Required action: What is needed is a verbatim copy of the data, minus the pictures.
*** Records shown ***
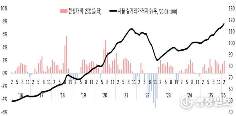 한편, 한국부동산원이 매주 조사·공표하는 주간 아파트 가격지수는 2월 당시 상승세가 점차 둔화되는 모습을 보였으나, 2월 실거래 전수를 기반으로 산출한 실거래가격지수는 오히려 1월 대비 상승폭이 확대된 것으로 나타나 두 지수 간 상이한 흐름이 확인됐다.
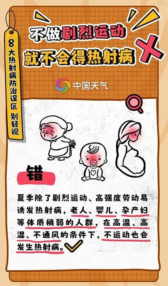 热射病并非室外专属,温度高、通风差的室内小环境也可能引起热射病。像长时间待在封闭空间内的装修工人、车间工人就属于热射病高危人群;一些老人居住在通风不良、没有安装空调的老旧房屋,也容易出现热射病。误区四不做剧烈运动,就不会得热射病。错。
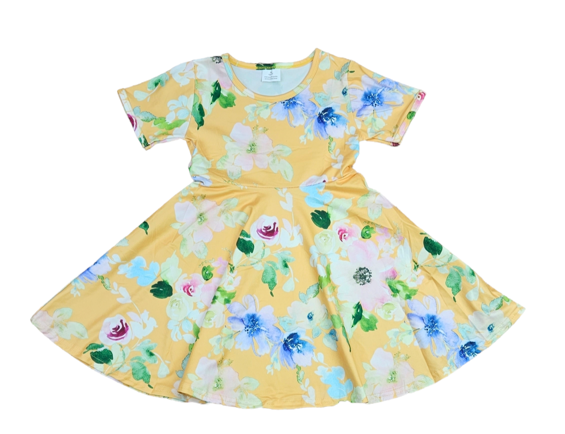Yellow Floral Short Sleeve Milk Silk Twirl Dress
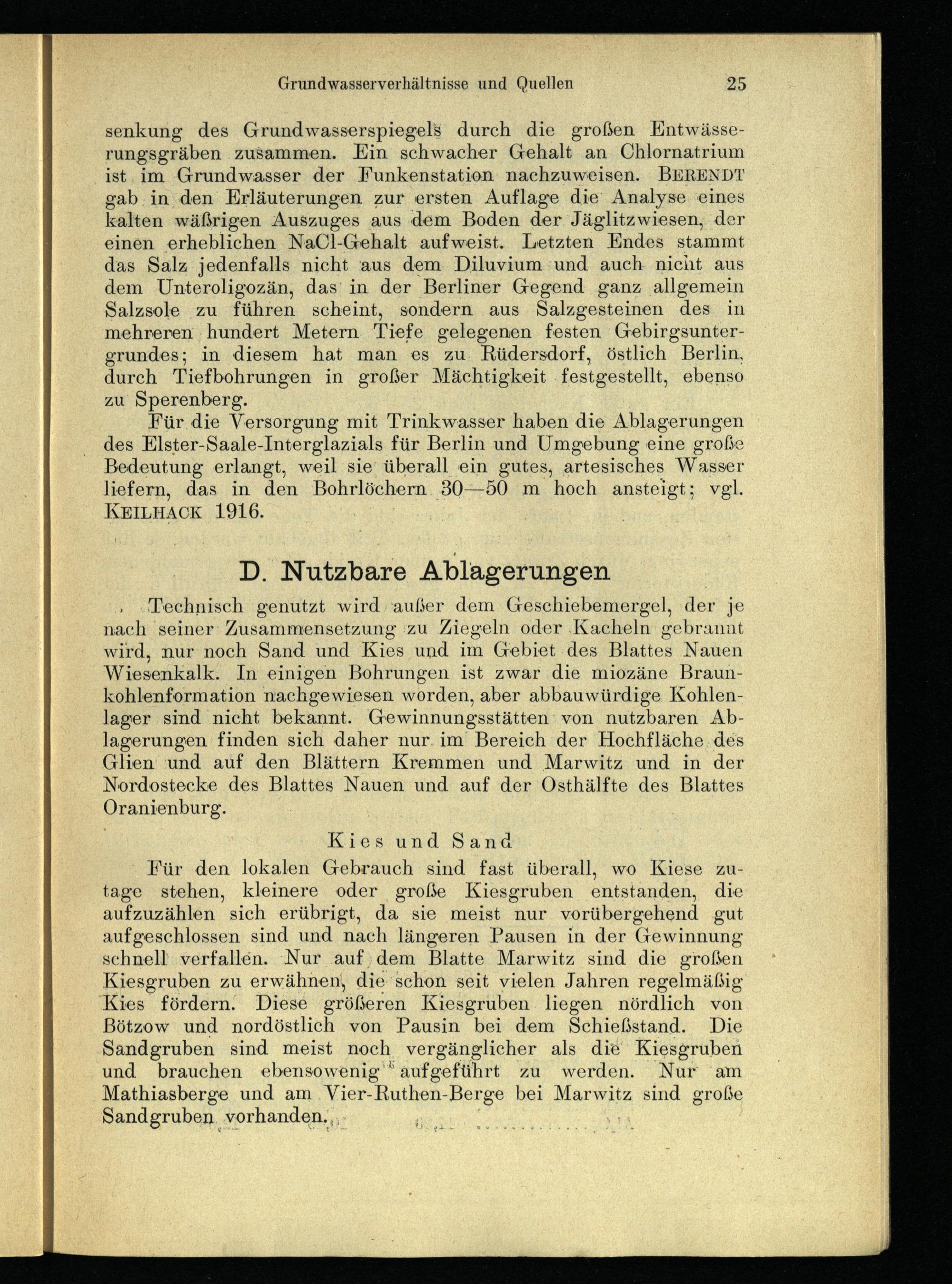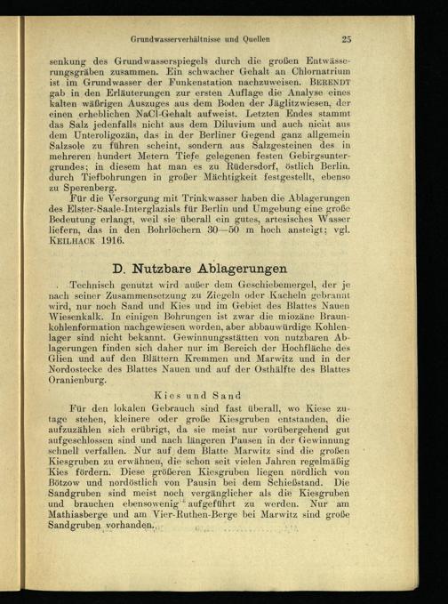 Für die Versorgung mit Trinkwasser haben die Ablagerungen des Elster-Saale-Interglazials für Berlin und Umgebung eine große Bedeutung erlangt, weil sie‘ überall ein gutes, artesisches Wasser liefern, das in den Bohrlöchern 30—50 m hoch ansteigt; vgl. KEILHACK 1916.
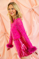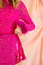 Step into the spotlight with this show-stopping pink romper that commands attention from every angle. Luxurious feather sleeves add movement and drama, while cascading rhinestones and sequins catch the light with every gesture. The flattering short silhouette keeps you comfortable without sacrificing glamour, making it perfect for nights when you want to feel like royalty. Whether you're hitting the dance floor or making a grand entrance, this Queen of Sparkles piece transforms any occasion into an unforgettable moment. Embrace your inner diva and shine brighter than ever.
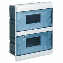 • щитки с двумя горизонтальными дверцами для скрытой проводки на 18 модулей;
*** End of Records shown ***
Answer:
 한편, 한국부동산원이 매주 조사·공표하는 주간 아파트 가격지수는 2월 당시 상승세가 점차 둔화되는 모습을 보였으나, 2월 실거래 전수를 기반으로 산출한 실거래가격지수는 오히려 1월 대비 상승폭이 확대된 것으로 나타나 두 지수 간 상이한 흐름이 확인됐다.
 热射病并非室外专属,温度高、通风差的室内小环境也可能引起热射病。像长时间待在封闭空间内的装修工人、车间工人就属于热射病高危人群;一些老人居住在通风不良、没有安装空调的老旧房屋,也容易出现热射病。误区四不做剧烈运动,就不会得热射病。错。
Yellow Floral Short Sleeve Milk Silk Twirl Dress
 Für die Versorgung mit Trinkwasser haben die Ablagerungen des Elster-Saale-Interglazials für Berlin und Umgebung eine große Bedeutung erlangt, weil sie‘ überall ein gutes, artesisches Wasser liefern, das in den Bohrlöchern 30—50 m hoch ansteigt; vgl. KEILHACK 1916.
 Step into the spotlight with this show-stopping pink romper that commands attention from every angle. Luxurious feather sleeves add movement and drama, while cascading rhinestones and sequins catch the light with every gesture. The flattering short silhouette keeps you comfortable without sacrificing glamour, making it perfect for nights when you want to feel like royalty. Whether you're hitting the dance floor or making a grand entrance, this Queen of Sparkles piece transforms any occasion into an unforgettable moment. Embrace your inner diva and shine brighter than ever.
 • щитки с двумя горизонтальными дверцами для скрытой проводки на 18 модулей;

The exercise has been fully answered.